- [Supplied material]
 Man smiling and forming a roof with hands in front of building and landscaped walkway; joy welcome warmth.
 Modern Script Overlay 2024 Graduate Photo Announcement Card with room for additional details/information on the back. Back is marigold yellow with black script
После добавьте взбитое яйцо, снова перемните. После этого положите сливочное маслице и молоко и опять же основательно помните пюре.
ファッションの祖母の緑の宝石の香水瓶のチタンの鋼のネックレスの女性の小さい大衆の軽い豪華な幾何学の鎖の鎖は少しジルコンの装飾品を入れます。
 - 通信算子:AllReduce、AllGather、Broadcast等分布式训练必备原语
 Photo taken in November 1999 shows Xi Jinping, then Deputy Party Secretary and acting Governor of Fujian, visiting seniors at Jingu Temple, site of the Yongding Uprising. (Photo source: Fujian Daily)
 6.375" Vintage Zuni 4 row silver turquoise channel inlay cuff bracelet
...
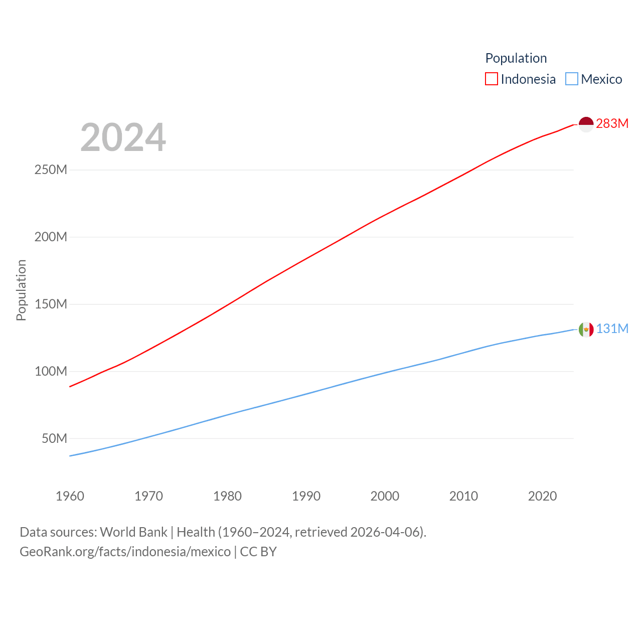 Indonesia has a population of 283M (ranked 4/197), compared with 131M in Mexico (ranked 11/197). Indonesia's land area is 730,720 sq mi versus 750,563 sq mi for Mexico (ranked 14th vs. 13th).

- [Assignment]
Will you return exactly the lines above from the one with "ファッションの祖母の緑の宝石" down to the one with "inlay cuff bracelet", counting both as part of the range?

- [Answer section]
ファッションの祖母の緑の宝石の香水瓶のチタンの鋼のネックレスの女性の小さい大衆の軽い豪華な幾何学の鎖の鎖は少しジルコンの装飾品を入れます。
 - 通信算子:AllReduce、AllGather、Broadcast等分布式训练必备原语
 Photo taken in November 1999 shows Xi Jinping, then Deputy Party Secretary and acting Governor of Fujian, visiting seniors at Jingu Temple, site of the Yongding Uprising. (Photo source: Fujian Daily)
 6.375" Vintage Zuni 4 row silver turquoise channel inlay cuff bracelet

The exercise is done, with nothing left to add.